View Full Version : silly gh4 experiment


Andrew Dean
April 17th, 2014, 06:53 PM
The girls from our camera shootout asked for a version of their song without all the camera test stuff. The shots from the shootout were static locked down on tripods so it didn't seem very interesting. For fun i dropped to a 1024x576 pal timeline and did "pan and scan" to move around the image and create motion from the two static shots.

Youtube destroyed the image and as noted before, our gh4 footage was kinda noisy to start with, but the footage looked pretty good in the NLE and it was still an interesting thought experiment. You could absolutely use the gh4 footage for interviews to give you a CU and wide at the same time. Dropping to 720 (or SD) you could get a pair of closeups from a single 4k wide if the two people weren't miles apart and the frame too wide.

Anyways, ugly resolution aside, here's the silly "frame it in post" version of the test video.

Again, this is a locked down wide and a locked down medium shot. All zooms/pans/tilts are added in post. Cheers! oh, fyi, i never scale larger than 90% in the video so the image holds up ok.

heres a grab from qt to show the "before youtube" quality.http://www.dvinfo.net/forum/attachment.php?attachmentid=32424&stc=1&d=1397782427
-a
Music Video playing with GH4 4k pan and scan into SD - YouTube

Noa Put
April 18th, 2014, 09:05 AM
How did you manage to get so smooth start and stops of your panning motion? That definitely made it look like it was done with a tripod, looked very convincing, which nle was used?

Andrew Dean
April 18th, 2014, 02:28 PM
I just used premier for that. I applied temporal "ease" to the motion and scale keyframes. also, i adjusted some of the paths to be something other than a straight line. It seemed that a little bit of drift made the moves seem a bit more real.

cheers!

Noa Put
April 19th, 2014, 02:02 AM
Not sure if my edius pro is able to do that but those smooth start and stops sure make it look very real.

Andrew Dean
April 19th, 2014, 04:19 AM
Thanks! I did the test as a giggle, but i'm actually considering how you could shoot a pair of gh4 @4k of a live performance and get a bunch of perfect cutaways and moves out of it...

Noa Put
April 19th, 2014, 05:59 AM
I did the test as a giggle
You actually proved it is possible to simulate a multicamera environment using a static 4k image cropped in post and make it look convincing. It doesn't look like a ken burns effect but looks like a cameraman was operating the tripod.

William Hohauser
April 19th, 2014, 06:21 AM
I do this all the time by editing in 720p with 1080 footage. It works great with lock off shots combined with camera person operated cameras such as an unmanned camera shooting thru an open grand piano or a wide shot. The drawback is that the movements are two dimensional and do not have the slight change in perspective that a hand-held or tripod controlled movement have.

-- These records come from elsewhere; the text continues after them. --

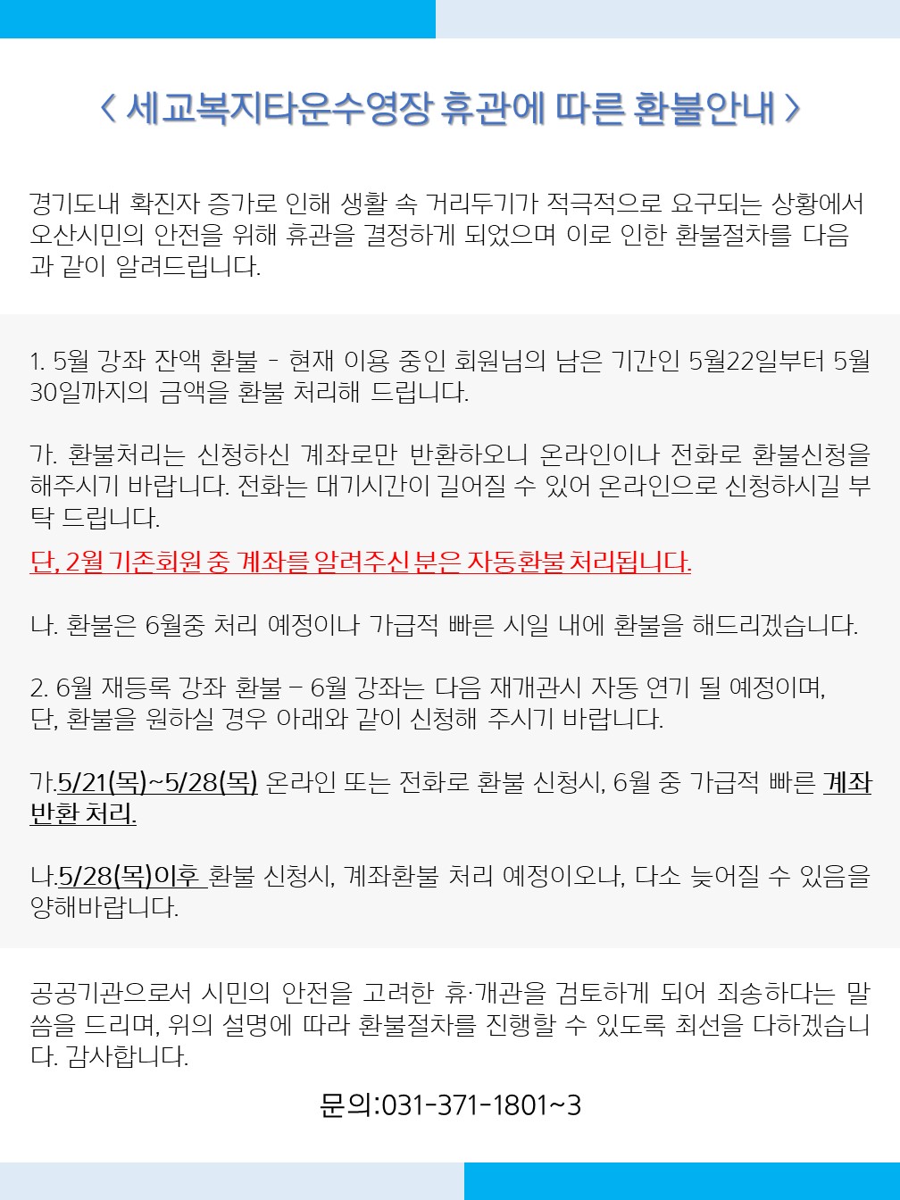 세교복지타운 수영장 세교복지타운수영장 휴관에 따른 환불 안내 작성자 세교센터관리자 등록일자 2020년 5월 22일 8시 13분 46초 조회 722 휴관에 따른 환불 안내.jpg [ Size : 242.9KB , Down : 156 ] 미리보기 다운로드 목록보기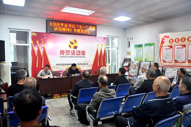 宣講活動中,各支部通過邀請隊(duì)領(lǐng)導(dǎo)做輔導(dǎo)報(bào)告、支部書記講黨課、觀看線上深度解析講座等多種方式,全面闡釋習(xí)近平總書記“七一”重要講話的重大意義、豐富內(nèi)涵、精神實(shí)質(zhì)和實(shí)踐要求。系統(tǒng)講解講話中提出的一系列新思想新觀點(diǎn)新要求。深入解讀中國共產(chǎn)黨百年奮斗的光輝歷程、偉大成就、寶貴經(jīng)驗(yàn)和實(shí)踐啟示,解讀偉大建黨精神的深刻內(nèi)涵和時(shí)代價(jià)值,解讀在新征程上以史為鑒、開創(chuàng)未來的根本要求。同時(shí),要求全體黨員干部要把“七一”講話精神作為當(dāng)前和今后一個(gè)時(shí)期的一項(xiàng)重大政治任務(wù)抓緊抓實(shí)。原原本本讀原文,認(rèn)認(rèn)真真悟原理,切實(shí)增強(qiáng)學(xué)習(xí)貫徹的政治自覺、思想自覺、行動自覺。緊密圍繞地勘工作,把學(xué)習(xí)貫徹“七一”講話精神同學(xué)習(xí)貫徹習(xí)近平總書記關(guān)于學(xué)習(xí)和總結(jié)黨的歷史的重要論述結(jié)合起來,同持續(xù)深入推動黨史學(xué)習(xí)教育結(jié)合起來,切實(shí)把學(xué)習(xí)成果轉(zhuǎn)化為奮進(jìn)新征程、建功新時(shí)代的實(shí)際行動,轉(zhuǎn)化為提升工作本領(lǐng)、支撐服務(wù)政府、推動地勘單位改革發(fā)展的實(shí)際成效。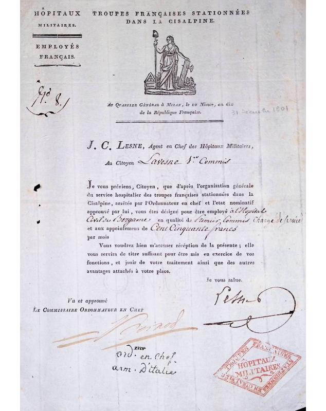 Hôpitaux militaires / Troupes Françaises stationnées dans la Cisalpine / Au quartier général à Milan le 10 Nivose de l'an 10 (31 décembre 1801) / J.C Lesne , agent en chef des hôpitaux militaires au citoyen Lavesne 1er Commis. Désignation pour être employé à l'hôpital civil de Bergame aux appointements de 150 Francs.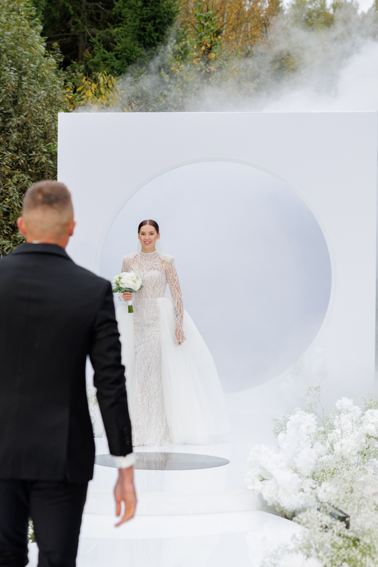 А моё платье стало настоящим произведением искусства — его создавали на заказ, и каждая деталь в нём была проработана с любовью и точностью. Оно было полностью вышито жемчугом, образующим узор зимних кристаллов — свет играл в каждом стежке, создавая эффект игры льда и свет. Платье идеально облегало фигуру, подчеркивая силуэт и сохраняя при этом удивительную лёгкость. Особенность образа — это пышная съёмная юбка, которая добавляла торжественности на церемонии. А когда началась вечеринка — юбку отстегнули, и я осталась в изящном приталенном платье, готовая к танцам и веселью.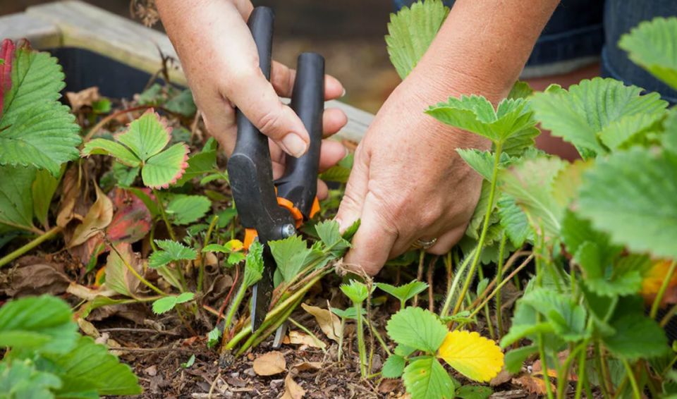 - Удаление усов: После сбора урожая клубника активно пускает усы с дочерними розетками. Если размножение не планируется, то усов лучше удалить, чтобы не истощать кусты.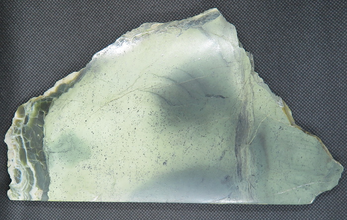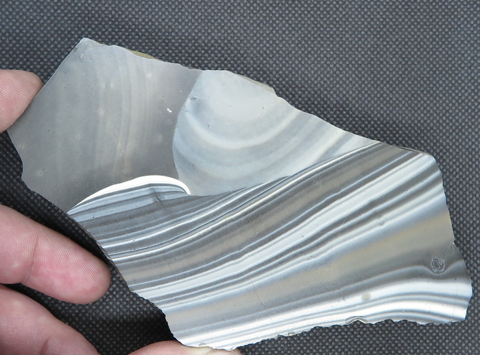 А на этом фото пример упомянутого ранее иризирующего в серебристых тонах из-за наличия мельчайших газовых пузырьков "седого" или "пепельного" обсидиана.

An animated zoom doesn't have the change in DOF a real zoom has, it remains flat. Used in moderation, post production camera movement looks good.

Andrew Dean
April 19th, 2014, 07:43 AM
This video worked because there wasn't any foreground to speak of. The paralax of a long lens on a tripod won't be much different than a pan/scan. Obviously no sliders or jib shots implied here, as the perspective doesn't change.

The unique part of this test was whether the 4k file could survive getting close to 1:1 pixel mapping in a SD timeline. When you move SD around a 4k frame, you have a LOT more motion possible, which i think also helps this video look like more than what we'd normally see for digital pans/tilts.

So i couldn't see this replacing normal shooting, but if you are running 1-man-band, having a 4k on wide gives you a HEAP of cutaway options.